* [Work request] From the line containing "B BESTILO Polyester" to the line containing "胡散臭い通販商品みたいなあだ名 | 『ハリウッド女優が絶賛した100年もののヴィンテージワイン…その名も「へいご」』 |" in the records below, set down every line exactly as it stands, both ends included, and skip the pictures.

* [Exercise input]

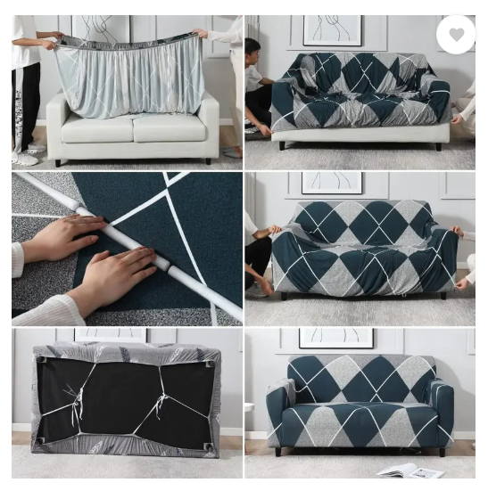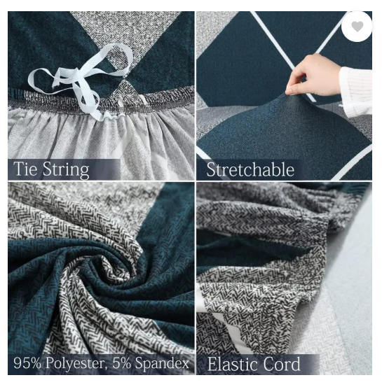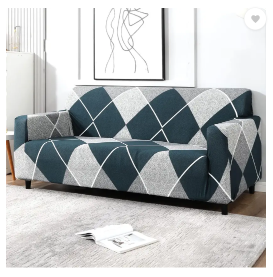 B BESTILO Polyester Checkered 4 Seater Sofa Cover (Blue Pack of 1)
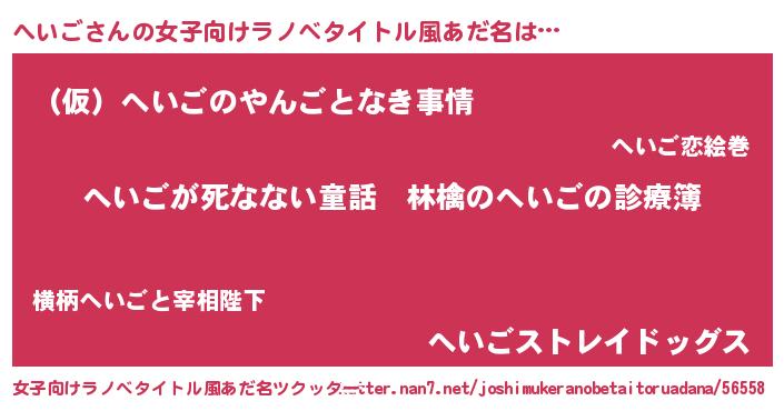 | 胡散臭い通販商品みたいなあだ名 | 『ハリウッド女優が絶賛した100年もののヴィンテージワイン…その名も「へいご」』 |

==

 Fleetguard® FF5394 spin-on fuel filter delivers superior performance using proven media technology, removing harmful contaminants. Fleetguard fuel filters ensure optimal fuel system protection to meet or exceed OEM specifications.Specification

* [Answer for the task]
 B BESTILO Polyester Checkered 4 Seater Sofa Cover (Blue Pack of 1)
 | 胡散臭い通販商品みたいなあだ名 | 『ハリウッド女優が絶賛した100年もののヴィンテージワイン…その名も「へいご」』 |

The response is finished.